Professor Catherine Harmer, University of Oxford, UK

Professor Catherine Harmer, University of Oxford, UK

Catherine Harmer is a Professor of Cognitive Neuroscience at the University Department of Psychiatry in Oxford. She directs a multidisciplinary team of researchers in the Psychopharmacology and Emotion Research Lab (PERL) using a variety of techniques such as fMRI, MEG, TMS, psychopharmacological challenge techniques and neuropsychological assessments. Her work has led to the novel idea that antidepressants may work by rapidly resolving negative affective bias in depression which leads to gradual improvements in mood, social dysfunction and other key symptoms of depression over time. This concept has stimulated new research approaches for the treatment of depression with implications for stratification of treatment, early prediction of therapeutic response and identification of novel therapeutic targets. Catherine Harmer has been awarded prizes from the British Association for Psychopharmacology and the Royal College of Psychiatrists for this research and is the 2013 recipient of the AE Bennett award from the Society of Biological Psychiatry.

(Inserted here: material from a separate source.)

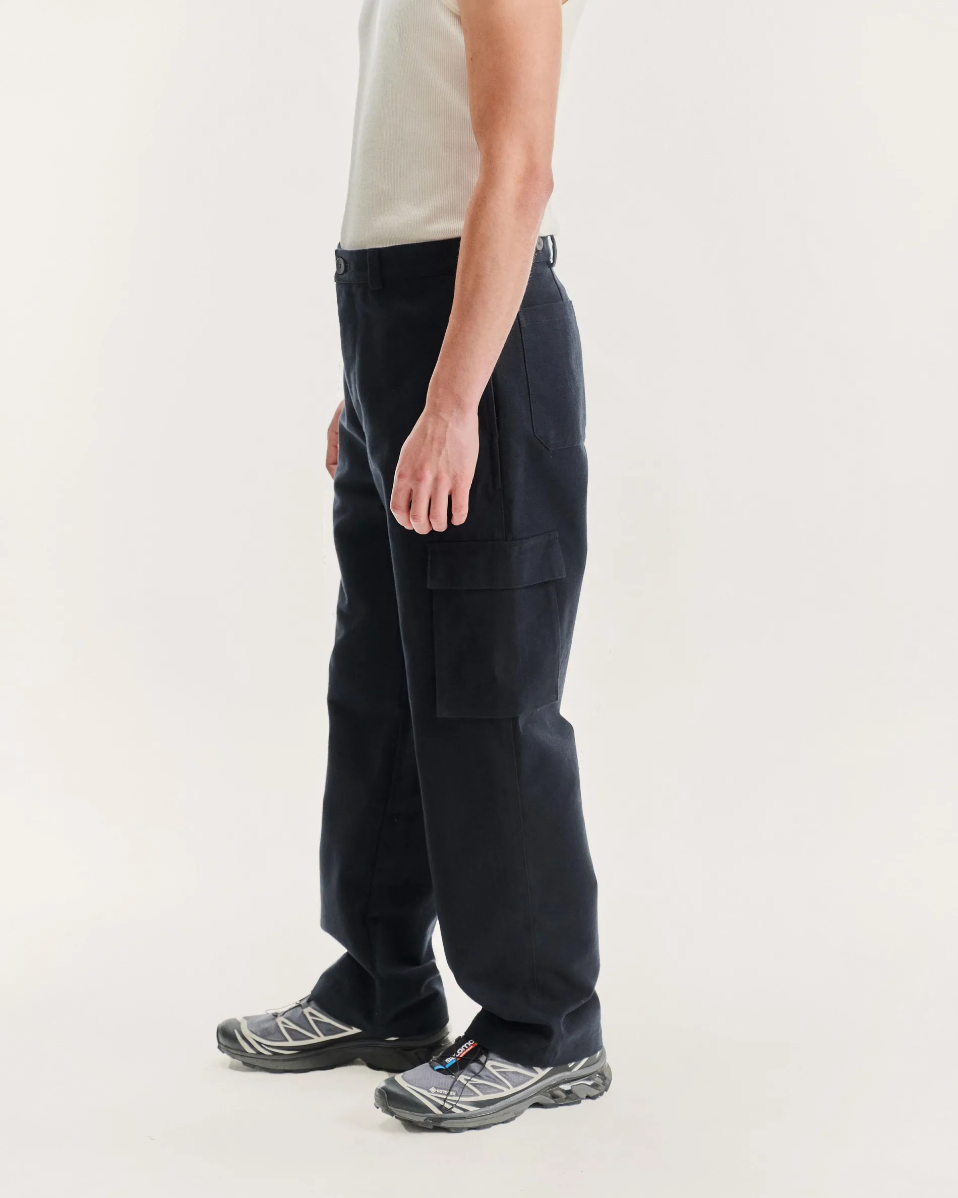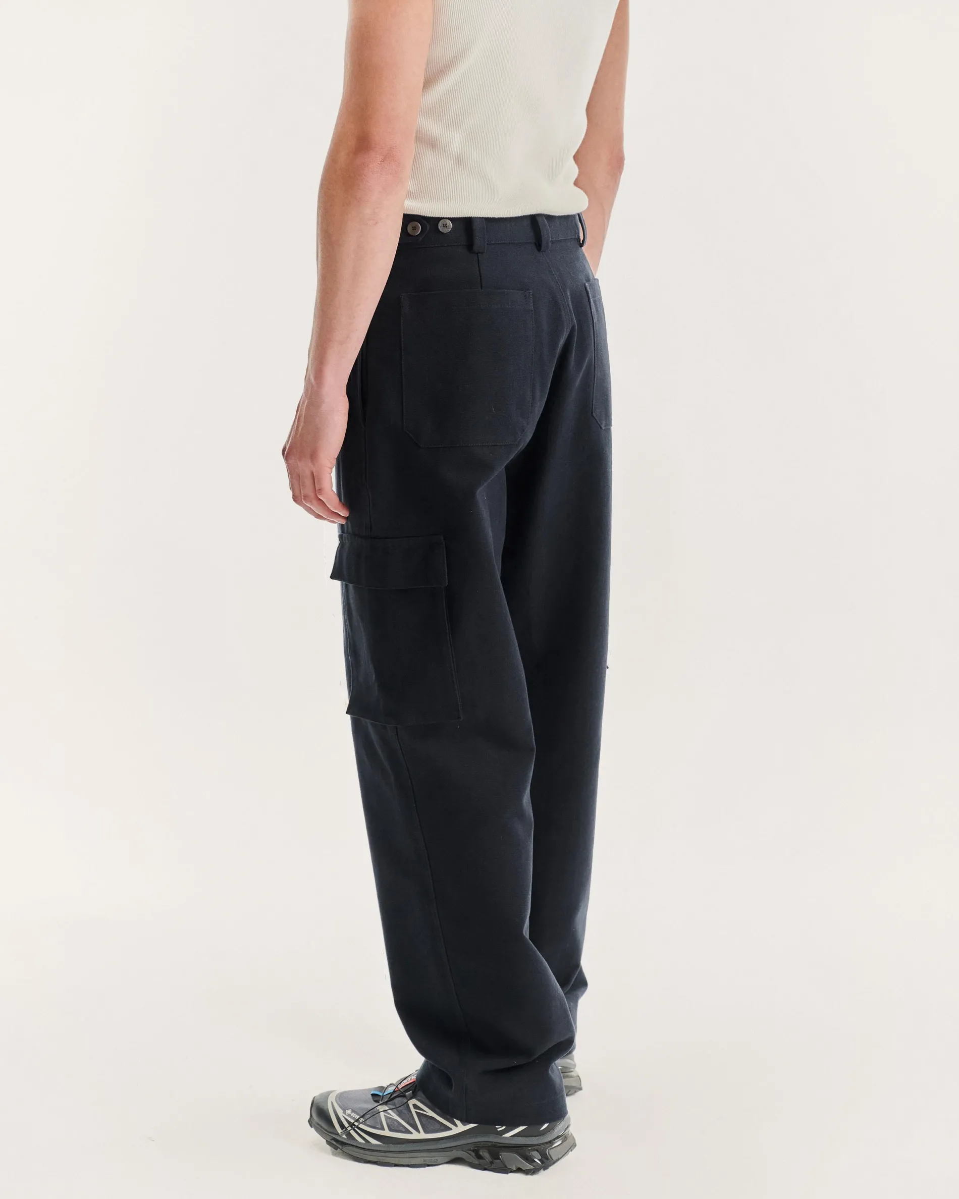 Ce pantalon revisite le cargo miliaire des années 30 avec une coupe ample et confortable. Il est confectionné dans un sergé de coton biologique à la main dense et douce.

Studies in animals are essential in the understanding of disease processes and the development of new treatments. This is particularly the case where they utilise methods which cannot be applied to humans due to ethical and/or practical constraints. In psychiatry, animal studies have been heavily criticised due to concerns that the methods used, and results obtain, fail to translate to the clinical condition. Translating subjective, self-report measures used in the diagnosis of depression into valid animal models is not possible. In contrast, objective, neuropsychological methods provide a much more realistic starting point. This talk will describe results from our novel rodent behavioural tasks developed to more closely reflect the neuropsychological impairments reported in major depressive disorder (MDD). The work build on the clinical literature which shows how emotional states alter cognitive processes. These affective biases have been shown to influence a wide range of cognitive processes including learning and memory and decision-making. Animal studies now suggest that similar affective biases are observed across a wide range of species and tasks to quantify these biases may provide a novel approach to studying MDD. This presentation will include validation data for a wide range of antidepressant and pro-depressant manipulations. Dr Robinson will also discuss evidence which suggests that distinct neuropsychological mechanisms explain the differences in effects seen with delayed versus rapid onset antidepressants. The final part of the talk will discuss the relationship between affective biases and anticipation of reward and their possible roles in the symptoms of MDD.

Dr Emma Robinson, University of Bristol, UK

Dr Emma Robinson, University of Bristol, UK

Emma completed her BSc(Hons) in Pharmacology in Bristol in 1995 and PhD in Psychopharmacology in 1999. In 2005, she was awarded an RCUK Academic Fellowship which included an opportunity to work at the University of Cambridge, Experimental Psychology Department. Now based in Bristol’s School of Physiology, Pharmacology and Neuroscience, Emma’s research focuses on studies to investigate the neural and neurochemical mediators of normal cognitive and emotional behaviour and how these may be disrupted in psychiatric disorders such as depression, anxiety and addiction. Her recent work has focused on the development and validation of novel methods to study emotional behaviour in rodents, in particular, investigating affective biases associated with mood disorders.